**Task objective**
Your copy of the listing should match it exactly, only without pictures.

**Data block**
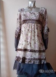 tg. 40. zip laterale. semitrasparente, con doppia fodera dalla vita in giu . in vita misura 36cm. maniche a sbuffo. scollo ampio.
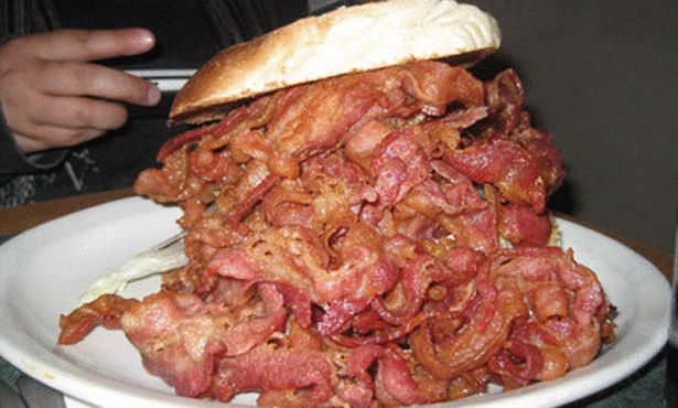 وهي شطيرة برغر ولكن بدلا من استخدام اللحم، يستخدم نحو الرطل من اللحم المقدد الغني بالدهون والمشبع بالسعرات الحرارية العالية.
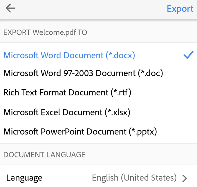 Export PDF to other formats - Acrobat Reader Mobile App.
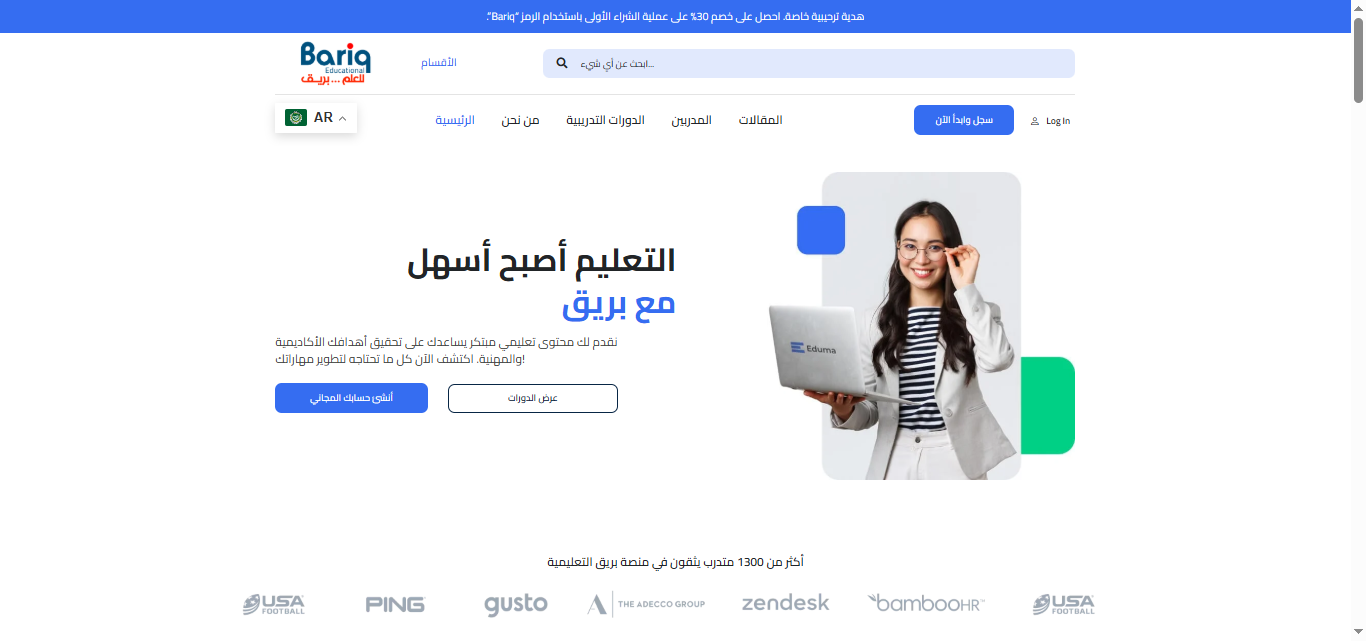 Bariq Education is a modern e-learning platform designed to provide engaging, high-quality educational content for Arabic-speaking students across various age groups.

**Solution**
 tg. 40. zip laterale. semitrasparente, con doppia fodera dalla vita in giu . in vita misura 36cm. maniche a sbuffo. scollo ampio.
 وهي شطيرة برغر ولكن بدلا من استخدام اللحم، يستخدم نحو الرطل من اللحم المقدد الغني بالدهون والمشبع بالسعرات الحرارية العالية.
 Export PDF to other formats - Acrobat Reader Mobile App.
 Bariq Education is a modern e-learning platform designed to provide engaging, high-quality educational content for Arabic-speaking students across various age groups.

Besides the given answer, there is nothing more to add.